Bob’s self- entitled bravado allowed him to cement himself as one of the family members rather than a member of the team. It was no longer a professional relationship when he started using Paul’s personal items and helping himself to food in the fridge. It was taking a toll on my mental health and I blamed myself for letting it go on as long as it did.
Bob’s cracks were widening and things became so out of control that I had no choice but to quit my job and become the full-time, unpaid, team- leader that I am now. Bob’s reign of terror came to an end when I finally spilled the beans of his behaviour to his superiors (who were equally as blindsided as I was.) They removed Bob from Paul’s program. It took a very long time for me to forgive Bob. I warned other team members of Bob’s actions and slowly, the team re-grouped, banded together, lifted each other up just as a team should. I made it clear to the team that we were ALL leaders. Not one of us is better than the other. We each bring something unique and valuable to the team and it’s why we work so well together. That is why we are so warmly regarded as the “elite squad” of support workers.

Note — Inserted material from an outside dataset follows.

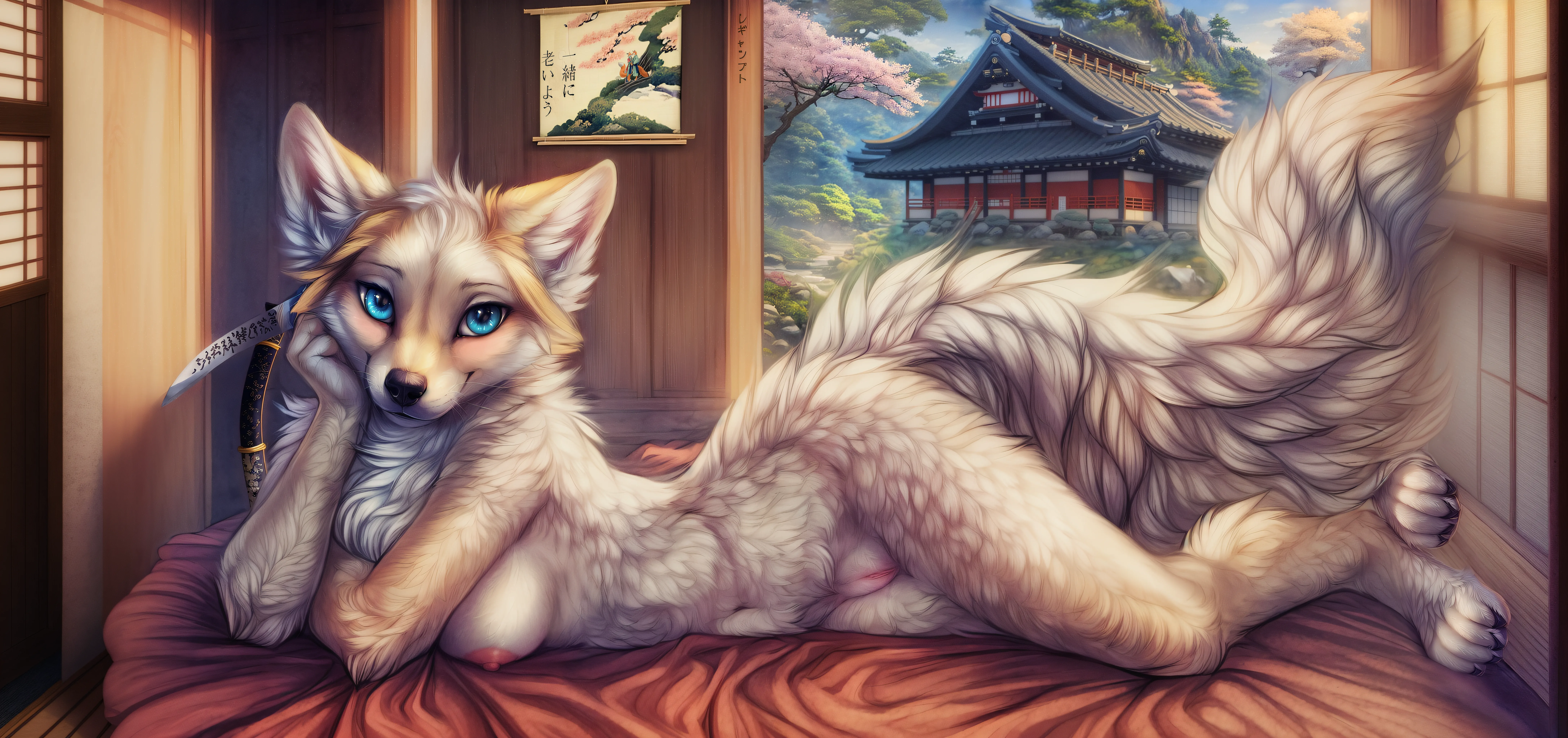 Fluffy Orange Vixen Seductively Presents Her Nude Body On A Bed In A J | Yiff Party

I love that it feels like Paul is being looked after by his friends. People who genuinely love the work they do. People who can share in our trials and tribulations. They cry tears of joy when something profound happens and tears of despair when we are floored.
So I have a special message for the Bob’s of the world and to the Bob who taught me a valuable life lesson. THANK YOU. Thank you for teaching me and my team how NOT to behave. Thank you for being an example of the type of human that needs our love and prayer in this world. Thank you for opening my eyes because now I know what to look for in a support worker and what to avoid. You have my endless gratitude for not EVER allowing ANYONE to EVER do that to me again. I am stronger because of you. I am wiser because of you. I hope you get the help, love and support you need in this world. Good luck to you. God Bless.